As the European coil market keeps hoping for stronger prices and that mills’ new offers will gain ground despite a weak economic environment, some say that processed coil could strengthen relatively faster than substrate.
A Dutch buyer of cold-rolled and hot-dip galvanized coil sees the price spread between CRC/HDG and hot rolled coil widening somewhat. “In normal times we assume a premium of €80/tonne [$93] for CRC over HRC, and for galv another €20 more. At the moment, it is trending more towards +€100 and +€120,” he told Kallanish on the sidelines of this week’s Blechexpo trade fair in Stuttgart.
Lower mill capacity for CRC and HDG compared with HRC means prices for downstream coil grow faster, he argues. A German buyer concurred and also pointed to the EU’s antidumping case on CRC. This will put a brake on orders from typical supplier countries for CRC, like Turkey and India, he added.

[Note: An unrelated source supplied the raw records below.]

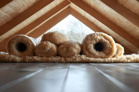 Rolled wool insulation sits on a wooden floor in a triangular attic space, emphasizing sustainable building practices and energy efficiency. natural light bathes the scene, eco-conscious home design. Generative AI
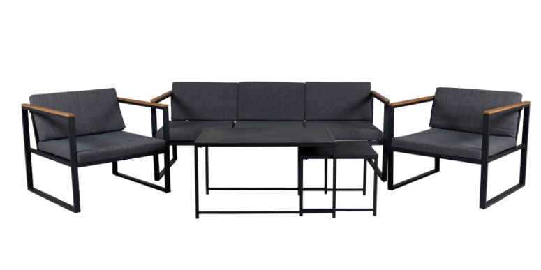 Dakar-sohvaryhmä on mukava ja tyylikäs valinta terassillesi tänä kesänä! 3 ist sohvan ja kahden nojatuolin lisäksi ryhmään sisältyy siihen sopivat kaksi erikokoista sohvapöytää sekä istuinpehmusteet. Sohvassa ja nojatuoleissa tyylikkäät puiset yksityiskohdat käsinojissa. Toimitus osissa.
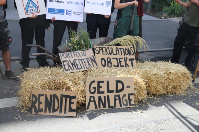 Mit Traktoren und Bannern protestierten heute Bäuerinnen und Bauern der Arbeitsgemeinschaft bäuerliche Landwirtschaft (AbL) vor dem Firmensitz des Immobilienkonzerns Quarterback Immobilien AG. Anlass war die Verleihung des AbL-Preises „Landgrabber des Jahres“ an Quarterback am Vormittag.
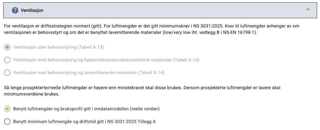 Er prosjekterte/reelle luftmengder høyere enn minstekravet skal disse brukes. Er luftmengdene lavere skal minimumsverdiene gitt i tillegg A til NS 3031:2025 brukes.
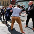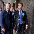 Кадрите, завъртели се в интернет, показват Фараж видимо изнервен, с изцапан костюм и както изглежда каращ се на своите охранители, че не са предотвратили инцидента.
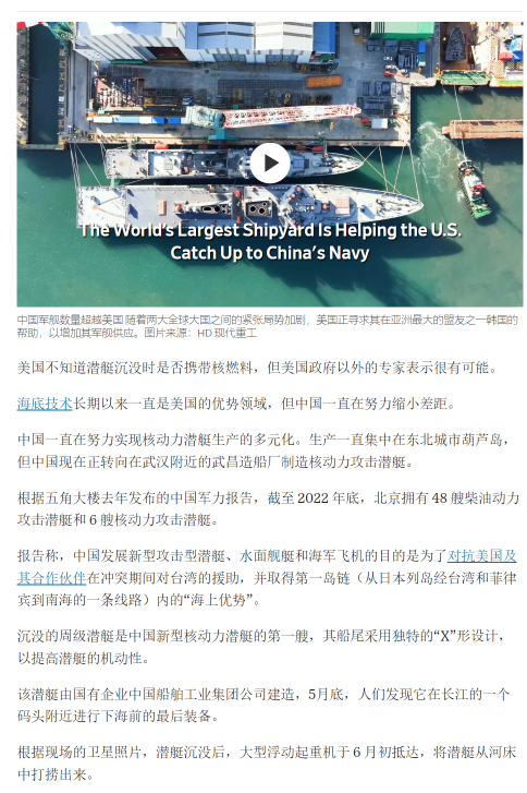 美国高级官员现在透露,中国海军最新的核动力攻击潜艇,在5月或6月时于武汉的一个船厂发生重大技术故障,导致潜艇沉入长江。中国一直在努力掩盖这一事件。官员们不确定潜艇在沉没时是否装有核燃料,但认为这种可能性很高。据称,潜艇最终被多台浮吊打捞出水。 https://t.co/alCBY80AwR
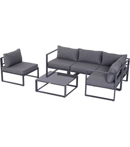 Outsunny 6 pz. Set da giardino Salotto da giardino Gruppo di sedute Mobili da giardino in alluminio + Poliestere + Vetro temperato Grigio 4 x Sedia 1 x Divano ad angolo 1 x Tavolino da caffè Cuscini per 4–5 persone
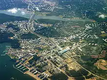 Vuosaari is a peninsula on the shore of the Gulf of Finland, with an area of 17 square kilometres. There are many large greenspaces on both the northern and the southern parts of the area. The district also includes numerous small islands in front of the peninsula, such as Pikku Niinisaari, Iso Villasaari and Kalliosaari.[9]: 184 [10] The Vartiokylänlahti bay to the west of Vuosaari and the Porvarinlahti bay to the north are remnants of an ancient strait which has dried up because of tectonic uplift.[1] The Kangaslampi lake, about a hectare in size, is located in the northern part of Keski-Vuosaari and is one of the few lakes located inside Helsinki. The soil in the middle of Vuosaari is mostly made of sand, whereas the lands in the eastern and western parts are made of till, cliffs and clay at some parts. The dominant mineral in the bedrock is gneiss, but there are also more rare minerals in the area, such as gabbro and pillow lava formed from ancient undersea volcanic activity.[11]
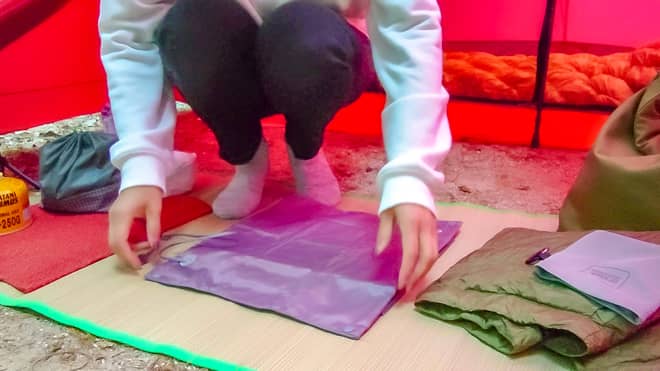 筆者の場合は丸めてバックパックに詰めて、夕方ごろに着込み、着込んだまま寝袋に入ります。
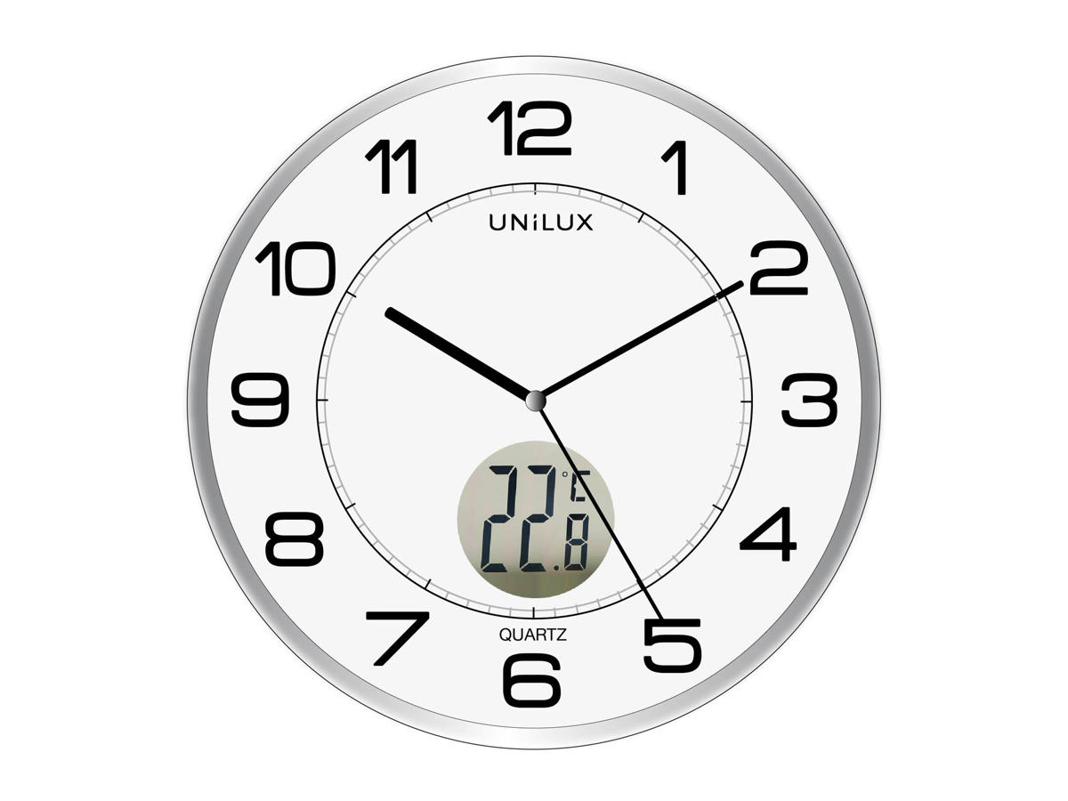 Præcision og elegance. Unilux vægur Tempus har temperaturvisning og timeindikator med tal.
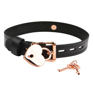 Black Leather Amare Collar with Rose Gold Love Heart Padlock Pendant
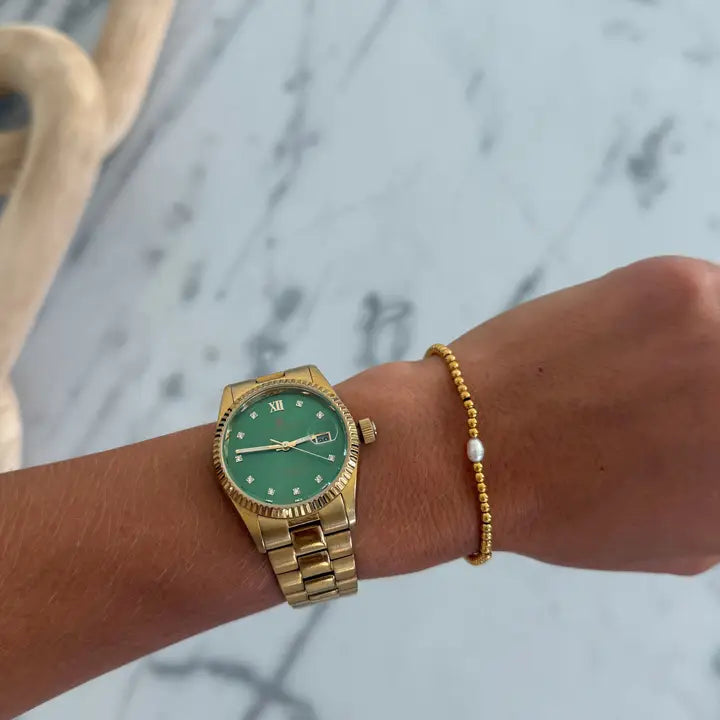 Simple, elegant, and effortlessly chic — this Gold Beaded Bracelet features a strand of polished gold beads accented with a single dainty pearl, perfect for everyday wear or stacking with your favorite pieces.
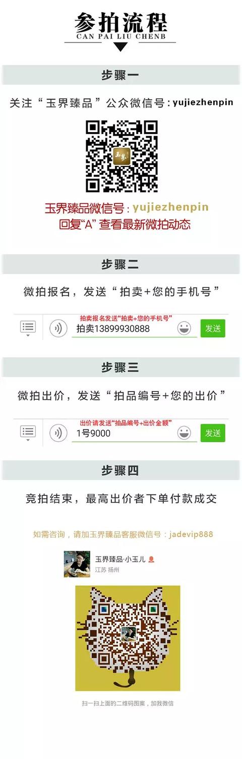 近期公眾號收到不少玉友的拍賣反饋,希望玉界臻品能夠推出一些玉質上乘、工藝講究的小精品來進行微拍,為了滿足一部分玉友日益增長的精神文化需求和對高雅藝術的追求喜愛,經過與玉雕師的反復商酌最終決定原《限時微拍活動》依然保留,同時再開設一檔以和田玉小精品為主題的微拍欄目,現商定暫時命名《臻品競拍》。此欄目不僅在作品的品質、雕工、創意上有了質的提高,并在拍賣規則上也做了相應的更改。(具體拍賣規則及參拍流程見本文末尾)
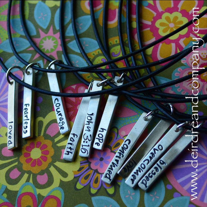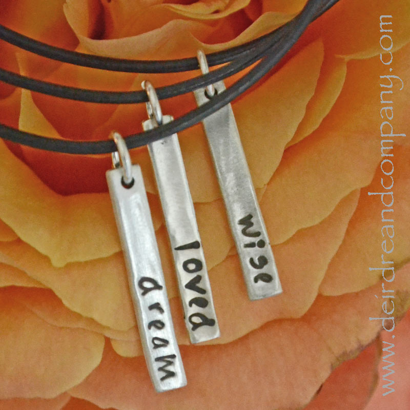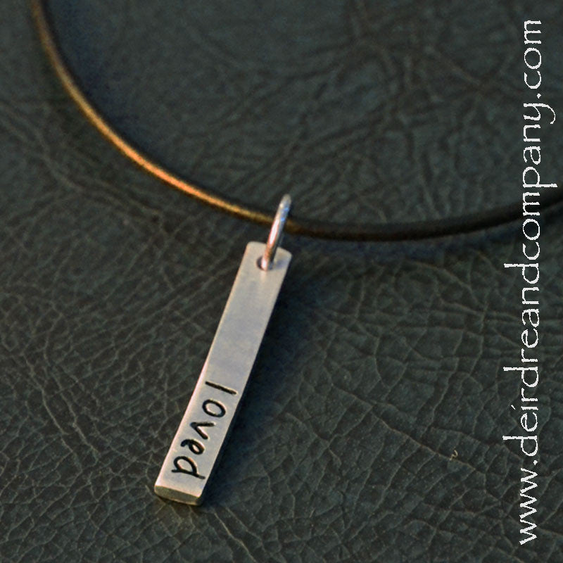 Our original Blessing Bar Necklace, made with love and meant to bless, keeps your blessings close to your heart. Each 1 1/8" x 3/16" bar is handcrafted in sterling silver and comes hand-stamped with the word of your choice, on sterling silver box chain.
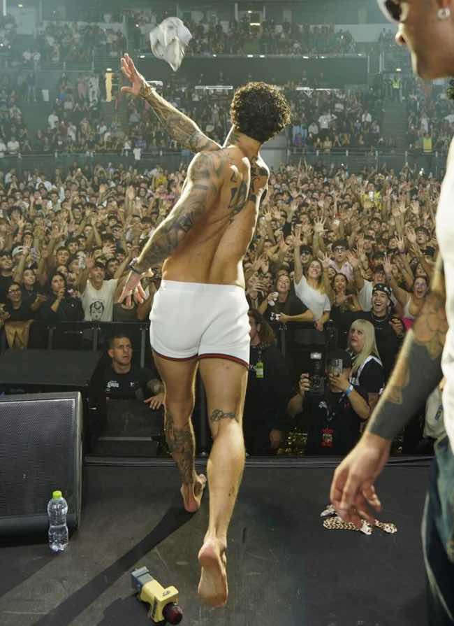 Tony Effe, noto rapper e membro del collettivo musicale Dark Polo Gang, ha recentemente attirato l’attenzione per un gesto audace durante un concerto. Alla fine della sua esibizione, ha deciso di spogliarsi e lanciare i suoi calzini al pubblico, creando un momento di grande entusiasmo tra i fan.

In fact, CRC could temporarily eclipse the price of galv due to the shortage of imports. He noted that the main spot market supplier of CRC in Europe is ArcelorMittal, while many other mills feed their CRC directly to carmakers.
The Dutch buyer does not necessarily agree about CRC eclipsing galv, but conceded that both could be equal in price going forward. He also highlighted the typical role of CRC in northwestern Europe, in that it is the base material for galvanizing for customers in the automotive industry, among others.
European mills’ HRC offers for new contracts start with a six, reaching up to €650/tonne ($754) delivered in the first quarter of 2026. Offers for CRC and HDG would then be clearly at above €700/t.